In 1996, Congress imposed the lifetime SNAP ban as a part of the welfare legislation signed by President Clinton. Although states can opt-out of enforcing this ban, state policymakers must affirmatively do so, and 22 states continue to limit SNAP eligibility for people with felony drug convictions. The RESTORE (Re-Entry Support Through Opportunities for Resources and Essentials) Act fully repeals this federal ban and eliminates the ability of states to continue to deny SNAP eligibility due to a felony drug conviction. The legislation also codifies a USDA administrative waiver to SNAP state agencies that allows individuals to apply for SNAP 30 days prior to their release from incarceration.

This lifetime ban disproportionately harms women who are incarcerated for drug crimes at higher rates than men as well as people of color disproportionately targeted by drug enforcement and incarcerated at much higher rates for drug crimes than whites. Individuals made ineligible by the ban already struggle to find and maintain employment because of a criminal record. Research has shown that newly released individuals are extremely likely to experience food insecurity. Barring access to basic nutritional assistance as individuals return to communities undermines successful transition to the community following involvement in the criminal legal system, especially now during this time of national crisis.
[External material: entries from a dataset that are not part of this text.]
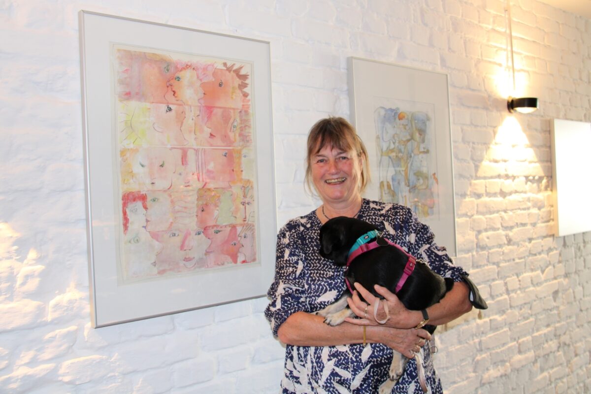 Die Ausstellung trägt den Titel „1000 Menschen und ein Mops“. „Entstanden ist die Idee an einer alten Druckmaschine meines Mannes Michael“, erklärt die Künstlerin. Beim Säubern der Walzen werden diese ausgerollt, auf Papier bleiben Flecken und Strukturen zurück. Diese farbigen Strukturen waren der Ausgangspunkt für ihre neue Bilderserie, die während der Corona-Pandemie im letzten Jahr entstanden ist.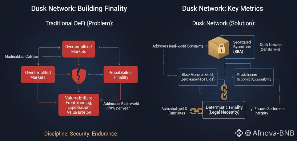@Dusk Network exists because many on-chain systems are designed around an oversimplified view of markets. I have heard the same concern echoed repeatedly from traders, builders, and institutional players alike even if they phrase it differently each time decentralized finance works well right up until real capital, real regulation, and real timing constraints collide. That is usually the point where weaknesses stop being theoretical and start causing damage.
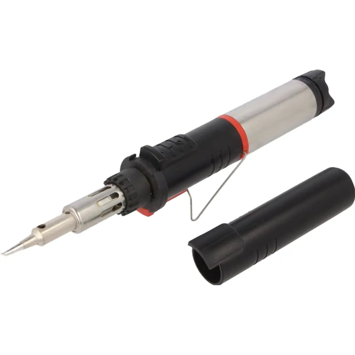 Ferro de soldar a gás com regulação de potência e várias pontas, incluindo SF2.4, ideal para reparações sem energia eléctrica. Permite três modos de funcionamento para diversos trabalhos. A ignição piezoelétrica facilita o arranque. Alcança 580°C para solda, 625°C para ar quente e 1300°C na chama, usando gás butano com depósito de 15 cm3. A autonomia é de até 2 horas a potência média; peso em vazio 150 g, compacto e portátil para trabalhos no local.
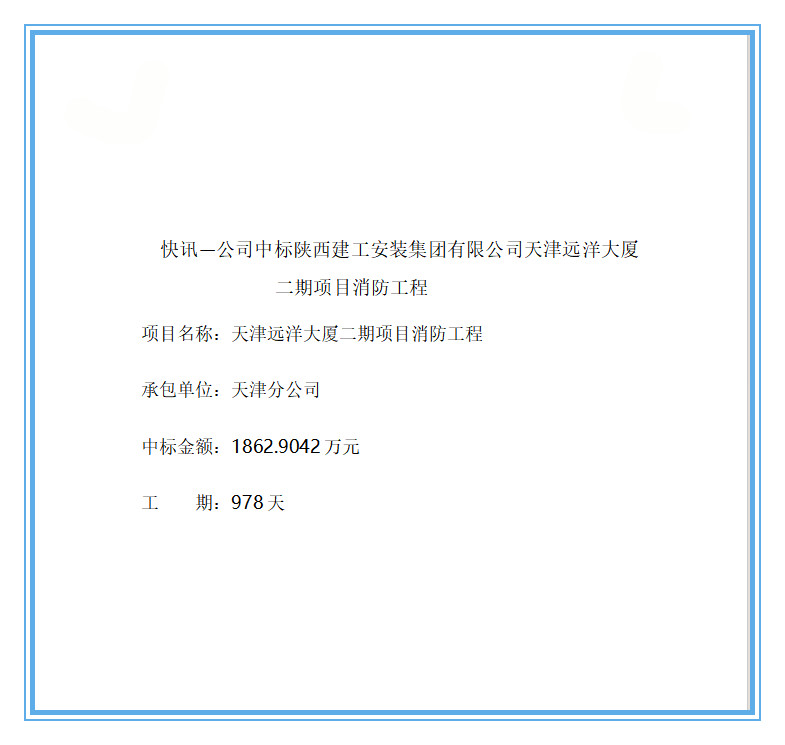 快讯一公司中标陕西建工安装集团有限公司天津远洋大厦二期项目消防工程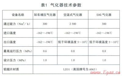 (1)卸車增壓氣化器、空溫式氣化器、EAG氣化器(技術(shù)參數(shù)見(jiàn)表l)。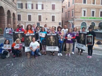 Gli attivisti di Amici Animali con i cartelli in piazza Boccolino davanti all’entrata del consiglio comunale di Osimo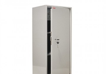 Шкаф представляет собой сварную металлическую конструкцию прямоугольной формы. Корпус и дверь шкафа изготовлены из стального листа толщиной 1,2 мм. Дверь изнутри усилена панелью коробчатого сечения из стального листа толщиной 0,8 мм. Шкаф комплектуются 2-мя съемными регулируемыми по высоте полками, дополнительно оборудован отсеком ограниченного доступа (трейзер), запираемый на замок «почтового» типа. Петли шкафа – внутренние.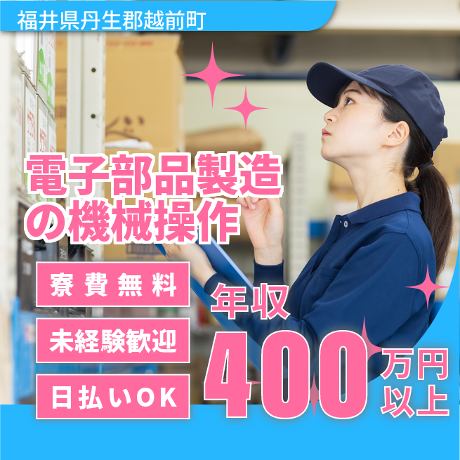 給与詳細 年収例 4,068,000円 月収例 339,000円 勤務地 福井県丹生郡越前町 仕事内容 電子部品製造機械オペレーター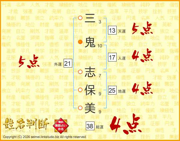 三鬼志保美さんの総運は38画の4点!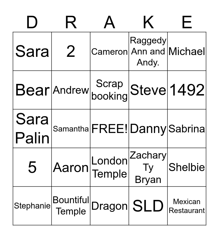Drake Family Bingo | Drake Family Bingo | Drake Family Bingo | Temple Bingo | Sara’s Bingo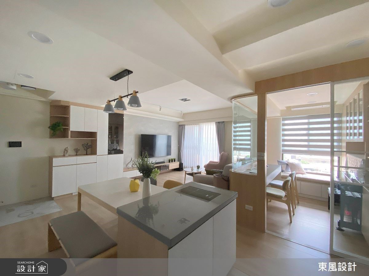 由於本案空間的整體風格以簡潔的北歐風為主,因此在視覺效果上也要求乾淨整齊,因此設計師將電視牆面設計為隱藏式收納櫃體,讓所有的視聽與燈光管線隱身其中,打造最清爽愜意的生活風景。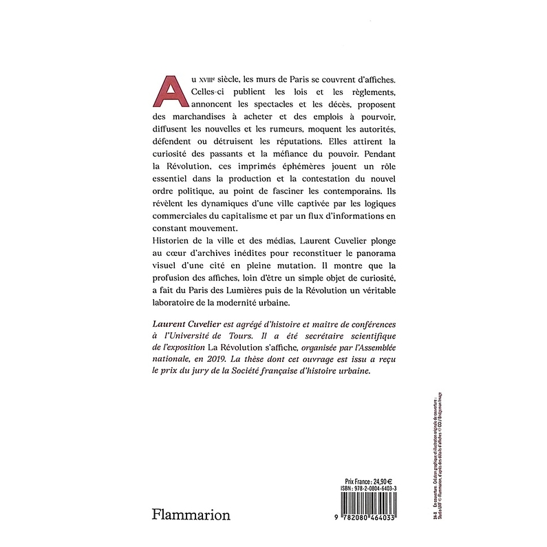 Au XVIIIe siècle, les murs de Paris se couvrent d'affiches. Celles-ci publient les lois et les règlements, annoncent les spectacles et les décès, proposent des marchandises à acheter et des emplois à pourvoir, diffusent les nouvelles et les rumeurs, moquent les autorités, défendent ou détruisent les réputations. Elles attirent la curiosité des passants et la méfiance du pouvoir. Pendant la Révolution, ces imprimés éphémères jouent un rôle essentiel dans la production et la contestation du nouvel ordre politique, au point de fasciner les contemporains. Ils révèlent les dynamiques d'une ville captivée par les logiques commerciales du capitalisme et par un flux d'informations en constant mouvement. Historien de la ville et des médias, Laurent Cuvelier plonge au coeur d'archives inédites pour reconstituer le panorama visuel d'une cité en pleine mutation. Il montre que la profusion des affiches, loin d'être un simple objet de curiosité, a fait du Paris des Lumières puis de la Révolution un véritable laboratoire de la modernité urbaine.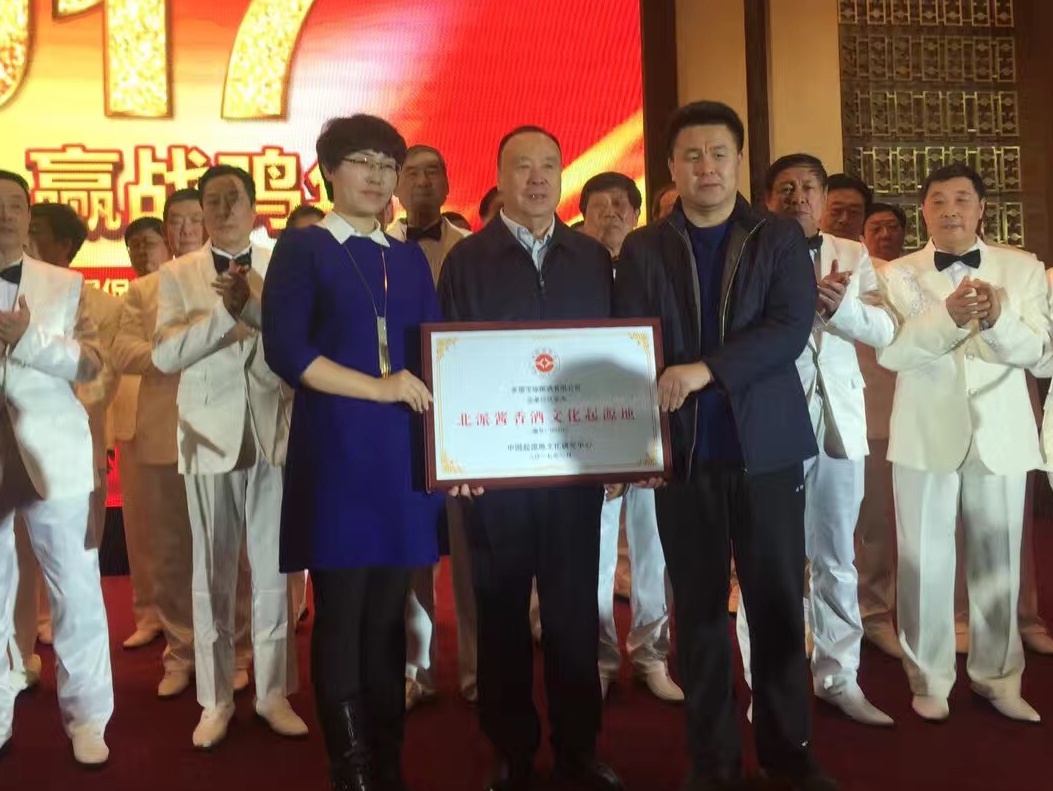 第十一届全国政协副主席、中国西部研究与发展促进会会长白立忱在新春联谊会上为北派酱香酒文化起源地颁发认证牌匾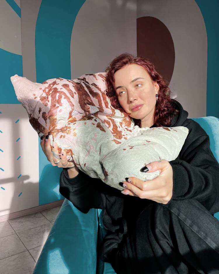 Отдельными малыми формами, заслуживающими внимания, стали увековеченные в бетоне подушки. Изготовление этих инсталляций — отдельный вид удовольствия, зачастую весьма грязный, но несомненно эстетически привлекательный. Их мы расположили на стальных подставках и разнесли по разным площадкам.

Repealing the drug felony ban enables returning individuals to focus on securing employment and housing during this difficult time rather than having to figure out how they will put food on the table for themselves and their family.

The Drug Policy Alliance previously released a report, The Drug War Obstructs Public Benefits—as part of its Uprooting the Drug War initiative—detailing the way drug war policies have restricted access to public benefits.

The Drug Policy Alliance is the nation's leading organization promoting drug policies grounded in science, compassion, health and human rights.